===== SUPPLIED MATERIAL =====

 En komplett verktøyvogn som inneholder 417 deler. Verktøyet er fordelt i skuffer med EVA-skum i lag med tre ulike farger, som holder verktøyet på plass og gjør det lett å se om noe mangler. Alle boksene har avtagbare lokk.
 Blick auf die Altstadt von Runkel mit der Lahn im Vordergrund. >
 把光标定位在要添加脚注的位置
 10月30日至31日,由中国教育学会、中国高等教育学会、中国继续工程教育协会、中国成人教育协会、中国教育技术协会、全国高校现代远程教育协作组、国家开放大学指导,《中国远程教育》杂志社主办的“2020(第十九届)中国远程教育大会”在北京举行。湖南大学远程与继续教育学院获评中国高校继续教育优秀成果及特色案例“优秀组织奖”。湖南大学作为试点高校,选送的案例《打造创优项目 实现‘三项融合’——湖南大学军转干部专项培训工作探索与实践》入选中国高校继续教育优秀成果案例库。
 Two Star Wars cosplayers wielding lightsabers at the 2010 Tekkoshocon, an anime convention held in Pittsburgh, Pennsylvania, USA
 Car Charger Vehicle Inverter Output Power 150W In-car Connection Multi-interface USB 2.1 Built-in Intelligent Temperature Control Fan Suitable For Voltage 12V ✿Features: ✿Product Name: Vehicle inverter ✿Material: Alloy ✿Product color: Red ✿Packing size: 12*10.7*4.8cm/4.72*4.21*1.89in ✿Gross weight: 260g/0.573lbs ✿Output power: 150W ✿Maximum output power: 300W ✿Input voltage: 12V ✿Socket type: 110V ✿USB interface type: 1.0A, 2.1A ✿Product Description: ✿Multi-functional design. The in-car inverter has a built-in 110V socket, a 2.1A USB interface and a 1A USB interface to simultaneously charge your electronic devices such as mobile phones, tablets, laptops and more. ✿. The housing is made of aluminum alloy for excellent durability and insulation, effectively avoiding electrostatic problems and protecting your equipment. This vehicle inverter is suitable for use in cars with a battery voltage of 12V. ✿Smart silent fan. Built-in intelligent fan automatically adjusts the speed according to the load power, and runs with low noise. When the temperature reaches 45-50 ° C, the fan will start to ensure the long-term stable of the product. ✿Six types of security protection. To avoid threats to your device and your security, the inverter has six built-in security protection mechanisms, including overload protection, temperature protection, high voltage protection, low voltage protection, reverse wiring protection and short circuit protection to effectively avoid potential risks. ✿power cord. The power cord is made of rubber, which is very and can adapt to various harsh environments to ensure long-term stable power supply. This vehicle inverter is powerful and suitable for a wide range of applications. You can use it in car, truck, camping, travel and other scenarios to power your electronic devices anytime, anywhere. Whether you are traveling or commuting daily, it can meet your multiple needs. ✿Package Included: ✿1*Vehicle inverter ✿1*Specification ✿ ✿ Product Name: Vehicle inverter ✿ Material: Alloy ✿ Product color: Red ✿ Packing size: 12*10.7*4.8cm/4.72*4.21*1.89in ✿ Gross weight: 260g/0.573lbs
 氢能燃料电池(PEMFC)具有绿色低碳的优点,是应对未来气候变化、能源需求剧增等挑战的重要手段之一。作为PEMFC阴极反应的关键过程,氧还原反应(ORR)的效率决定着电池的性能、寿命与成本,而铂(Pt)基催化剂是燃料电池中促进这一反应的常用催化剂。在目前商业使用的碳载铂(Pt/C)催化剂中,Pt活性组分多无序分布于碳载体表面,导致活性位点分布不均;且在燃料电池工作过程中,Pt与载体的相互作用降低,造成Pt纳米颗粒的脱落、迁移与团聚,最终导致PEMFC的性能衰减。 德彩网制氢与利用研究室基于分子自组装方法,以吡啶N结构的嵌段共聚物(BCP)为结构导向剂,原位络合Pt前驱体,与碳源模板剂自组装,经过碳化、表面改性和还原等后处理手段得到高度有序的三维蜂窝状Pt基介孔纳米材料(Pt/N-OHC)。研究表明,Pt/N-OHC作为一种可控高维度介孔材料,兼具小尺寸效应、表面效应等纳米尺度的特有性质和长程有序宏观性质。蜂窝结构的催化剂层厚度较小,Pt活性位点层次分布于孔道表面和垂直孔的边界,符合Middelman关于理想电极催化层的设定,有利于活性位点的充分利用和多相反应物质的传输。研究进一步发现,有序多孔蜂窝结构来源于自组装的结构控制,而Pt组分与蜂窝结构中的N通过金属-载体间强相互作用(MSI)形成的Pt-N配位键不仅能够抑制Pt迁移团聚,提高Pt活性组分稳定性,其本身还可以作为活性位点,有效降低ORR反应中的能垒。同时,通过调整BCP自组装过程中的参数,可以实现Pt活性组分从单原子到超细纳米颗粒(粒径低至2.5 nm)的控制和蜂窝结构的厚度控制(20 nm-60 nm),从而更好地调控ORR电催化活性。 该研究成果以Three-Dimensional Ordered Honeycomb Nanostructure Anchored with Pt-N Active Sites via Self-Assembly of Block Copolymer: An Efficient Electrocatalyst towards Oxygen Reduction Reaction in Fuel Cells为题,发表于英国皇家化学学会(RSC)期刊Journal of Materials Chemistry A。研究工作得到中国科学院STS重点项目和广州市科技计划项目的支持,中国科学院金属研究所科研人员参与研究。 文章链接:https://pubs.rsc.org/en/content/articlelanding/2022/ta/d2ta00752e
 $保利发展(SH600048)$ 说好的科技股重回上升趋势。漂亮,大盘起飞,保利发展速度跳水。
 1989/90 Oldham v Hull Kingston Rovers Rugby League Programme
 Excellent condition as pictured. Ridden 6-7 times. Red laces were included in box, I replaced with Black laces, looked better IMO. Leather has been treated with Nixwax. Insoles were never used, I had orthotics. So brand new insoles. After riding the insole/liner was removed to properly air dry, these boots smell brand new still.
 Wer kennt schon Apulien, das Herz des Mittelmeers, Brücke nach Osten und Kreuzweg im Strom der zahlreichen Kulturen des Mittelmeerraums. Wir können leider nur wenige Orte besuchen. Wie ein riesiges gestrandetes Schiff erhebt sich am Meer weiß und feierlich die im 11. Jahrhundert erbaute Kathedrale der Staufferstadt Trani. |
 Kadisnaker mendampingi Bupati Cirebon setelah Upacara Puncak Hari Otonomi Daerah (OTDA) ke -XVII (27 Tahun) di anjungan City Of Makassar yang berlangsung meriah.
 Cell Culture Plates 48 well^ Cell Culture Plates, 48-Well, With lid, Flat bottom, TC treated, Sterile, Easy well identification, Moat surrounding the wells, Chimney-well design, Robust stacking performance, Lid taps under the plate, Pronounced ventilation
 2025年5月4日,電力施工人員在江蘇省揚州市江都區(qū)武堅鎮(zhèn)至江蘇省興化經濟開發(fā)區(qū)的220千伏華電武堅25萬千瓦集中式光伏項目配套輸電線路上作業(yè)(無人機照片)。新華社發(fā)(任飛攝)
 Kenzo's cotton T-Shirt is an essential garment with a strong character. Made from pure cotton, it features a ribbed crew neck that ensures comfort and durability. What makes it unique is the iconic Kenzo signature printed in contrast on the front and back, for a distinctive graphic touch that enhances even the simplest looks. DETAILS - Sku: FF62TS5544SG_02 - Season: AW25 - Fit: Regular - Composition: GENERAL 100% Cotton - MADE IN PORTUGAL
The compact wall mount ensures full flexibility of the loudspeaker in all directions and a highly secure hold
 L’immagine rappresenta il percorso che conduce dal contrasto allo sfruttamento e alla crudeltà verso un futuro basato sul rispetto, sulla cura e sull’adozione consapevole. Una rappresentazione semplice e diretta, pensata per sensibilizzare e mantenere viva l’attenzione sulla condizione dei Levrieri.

=====

Starting with the first line of the records, repeat every line up to and including the one containing "Two Star Wars", and nothing else.

- [SOLUTION TO THE PROBLEM]
 En komplett verktøyvogn som inneholder 417 deler. Verktøyet er fordelt i skuffer med EVA-skum i lag med tre ulike farger, som holder verktøyet på plass og gjør det lett å se om noe mangler. Alle boksene har avtagbare lokk.
 Blick auf die Altstadt von Runkel mit der Lahn im Vordergrund. >
 把光标定位在要添加脚注的位置
 10月30日至31日,由中国教育学会、中国高等教育学会、中国继续工程教育协会、中国成人教育协会、中国教育技术协会、全国高校现代远程教育协作组、国家开放大学指导,《中国远程教育》杂志社主办的“2020(第十九届)中国远程教育大会”在北京举行。湖南大学远程与继续教育学院获评中国高校继续教育优秀成果及特色案例“优秀组织奖”。湖南大学作为试点高校,选送的案例《打造创优项目 实现‘三项融合’——湖南大学军转干部专项培训工作探索与实践》入选中国高校继续教育优秀成果案例库。
 Two Star Wars cosplayers wielding lightsabers at the 2010 Tekkoshocon, an anime convention held in Pittsburgh, Pennsylvania, USA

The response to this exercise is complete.